Be Careful When Walking Off of a Construction Project

Originally posted 2014-02-19 10:58:49. Republished by Blog Post Promoter

Contracts (Photo credit: NobMouse)

I am truly grateful that my buddy Craig Martin (@craigmartin_jd) continues his great posts over at The Construction Contractor Advisor blog. He is always a good cure for writer’s block and once again this week he gave me some inspiration. In his most recent post, Craig discusses a recent Indiana case relating to the ever present issue of termination by a subcontractor for non-payment. In the Indiana case, the court looked at the payment terms and determined that the subcontractor was justified in walking from the project when it was not paid after 60 days per the contract.

This result was the correct, if surprising. Why do I say surprising? Because I am always reluctant to recommend that a subcontractor walk from a job for non payment if it is possible to continue. This is not so much for legal reasons (not paying a sub is a clear breach of contract by a general contractor) but practical ones. The practical effect of walking from the job is that the subcontractor is put on the defensive. Instead of arguing later that it performed but was not paid, that subcontractor is put in the position of arguing that the general contractor cannot collect its completion related and other damages because it breached first. This is a more intuitively difficult argument and one that is not as strong as the first.
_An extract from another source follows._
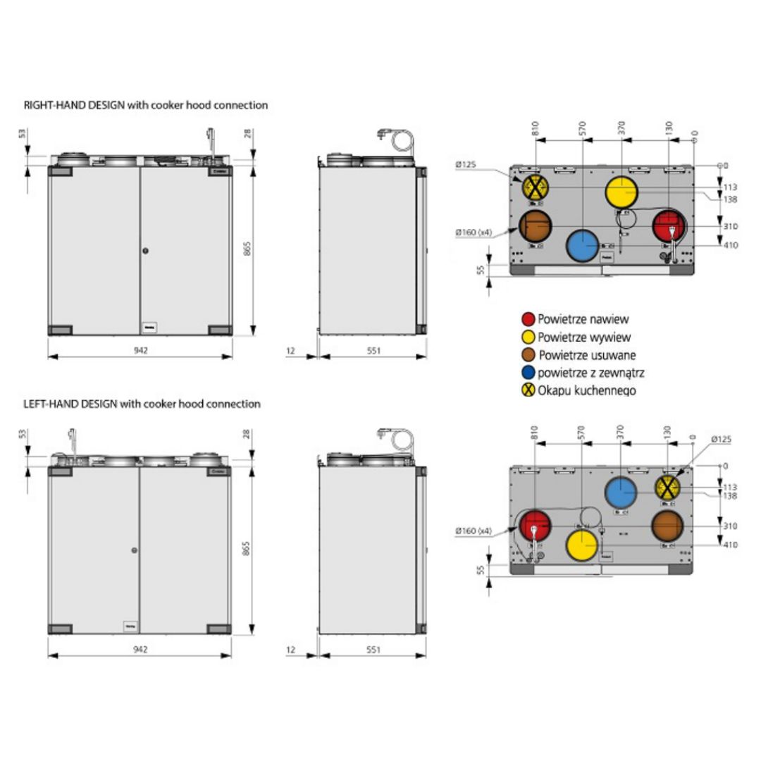 HERU 160 T to nowoczesny rekuperator ścienny z górnym podłączeniem, przeznaczony do domów, mieszkań i budynków użytkowych. Sprawdza się zarówno w pomieszczeniach ogrzewanych, jak i nieogrzewanych, dzięki solidnej izolacji i odpornej obudowie (klasa korozyjności C3).

Of course, all of this is contingent on the language in your contract (is there a “pay if paid” or language like that in the Indiana case?).

Here in Virginia, like in Indiana, the contractual language is key to any analysis of this issue. As I have said here at Musings almost ad nauseum, the contract under which you work at a construction project is one of the, if not the, most important document on that job. Each word will be given meaning and each word can make a big difference in the outcome (this is true even to the point of having a preemptive waiver of mechanic’s lien rights be enforceable). As the Indiana case shows, this strict enforcement of the contract, contrary to some popular belief I have heard, can actually benefit downstream subcontractors when the language of the contract is carefully drafted, preferably with the early counseling of an experienced construction attorney. With the proper drafting, a construction contract can and should set out a good set of rules for the project that all can live with. Had the contract in that case read differently, the result likely would have been different.

In short, always think hard before walking from a project and always make sure you know your contract before you do.